В дверях он обернулся и сказал:
– Я прощаюсь с вами и никогда не вернусь. Единственная моя просьба – скажите вашей дочери, что я всегда буду любить ее.
Но, произнося эти слова, Гиацинт уже знал, что Уэстоны ничего не скажут Мелиор Мэри. Им легче заставить себя поверить, что со временем страсть угаснет, их дочь утешится и вступит в безопасный и удобный брак, который сохранит Саттон и продлит линию Уэстонов на века. Эта мысль молнией пронеслась в его голове, и он снова обернулся.
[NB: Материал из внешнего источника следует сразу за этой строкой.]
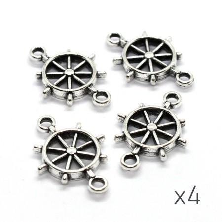 Lot de 4 breloques connecteur en forme de gouvernail en métal couleur argent vieilli. Breloque gouvernail avec 2 anneaux, hauteur 21mm.
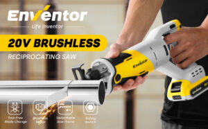 Brushless Reciprocating Saw, ENVENTOR 20V Cordless Reciprocating Saw with 2×2.0Ah Battery, 0-3000RPM Variable Speed Electric Sabre Saw, 5 Blades, 22mm Stroke Length, Ideal for Wood and Metal Cutting
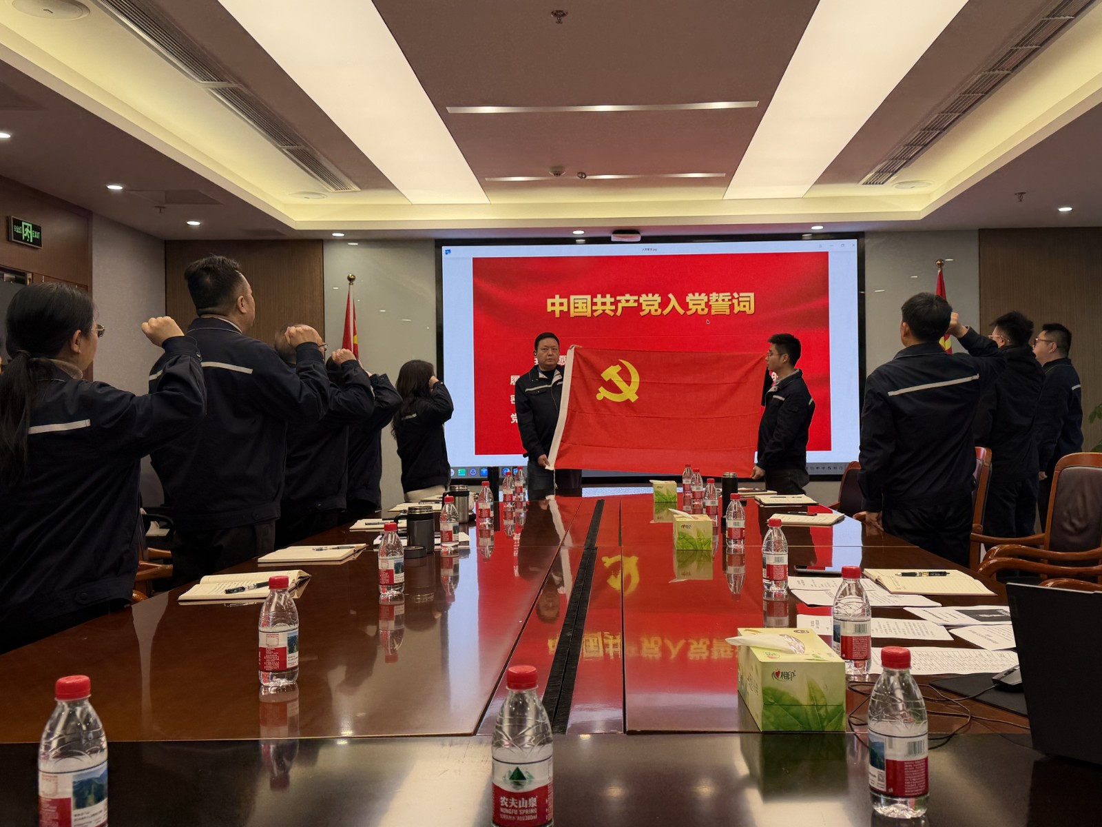 黨旗前,全體黨員與新黨員一同高舉右拳,莊嚴(yán)宣誓。鏗鏘有力的誓言,激發(fā)著每位黨員心中的榮譽(yù)感、責(zé)任感和使命感,承載著對黨的忠誠與對人民的承諾。通過宣誓儀式,新老黨員共同接受了一次深刻的黨性教育和精神洗禮,為黨組織注入了新鮮血液和奮進(jìn)力量。

– На наследнице замка Саттон лежит печать проклятия, не так ли? Мелиор Мэри будет лишена настоящей любви. – На какое-то мгновение к Мэтью в последний раз в жизни вернулась способность к ясновидению. – Все эти события привели только к одному – ваша дочь никогда не выйдет замуж, и прямая линия, начавшаяся с сэра Ричарда Уэстона, прервется.
– Уходи, наконец, – сказал Джон, – ты и так стал причиной очень многих бед. И чтобы ноги твоей в Саттоне больше не было!
– Уж в этом будьте уверены. Ваш дом вывел меня из равновесия, выбил из колеи, как и Джозефа Гейджа. Да и Сибеллу он убил.
Мэтью было очень горько. Он распростер миру свои объятия, был рад предложить ему всего себя, а жизнь закончилась так рано, в двадцать один год.
– Куда ты пойдешь? – спросила Елизавета.
– Один Бог знает. Попытаюсь найти покой, чем бы он ни оказался.
Его близорукие глаза тихо мерцали голубым цветом, а темно-рыжие волосы красиво обрамляли лицо.
– Я буду молиться за тебя, Мэтью Бенистер.
От отчаяния он засмеялся каким-то неживым смехом и навсегда скрылся из виду.
Следующий день стал свидетелем того, как траурный кортеж направился к семейной усыпальнице Гейджей, где Сибелле предстояло обрести вечный покой. Со дня ее гибели Мелиор Мэри не произнесла ни слова и, хотя и позволила Клоппер облачить себя во все черное, ни разу не вышла из своей комнаты. Джон и Елизавета ничего не могли сделать и в конце концов послали к ней Митчела, в своем траурном одеянии похожего на черного ворона.
Мелиор Мэри стояла спиной к нему, глядя из окна на сады. Даже не обернувшись, она поняла, кто пришел, потому что сказала:
– Она стояла там прошлой ночью и смотрела на меня. Вы знаете об этом, Митчел? Сибелла во всем обвиняет меня, и правильно делает. Если бы я ничего не сказала, она бы сейчас была жива.
Мелиор Мэри почувствовала на плечах прикосновение сильных рук и услышала:
– Мисси, будьте осторожны. Вы ступили на опасную дорожку. Сибелла никогда не стала бы обвинять вас, она, возможно, просто искала своего ребенка, несчастную заблудившуюся душу.
– Но она стояла там под проливным дождем и смотрела прямо на меня.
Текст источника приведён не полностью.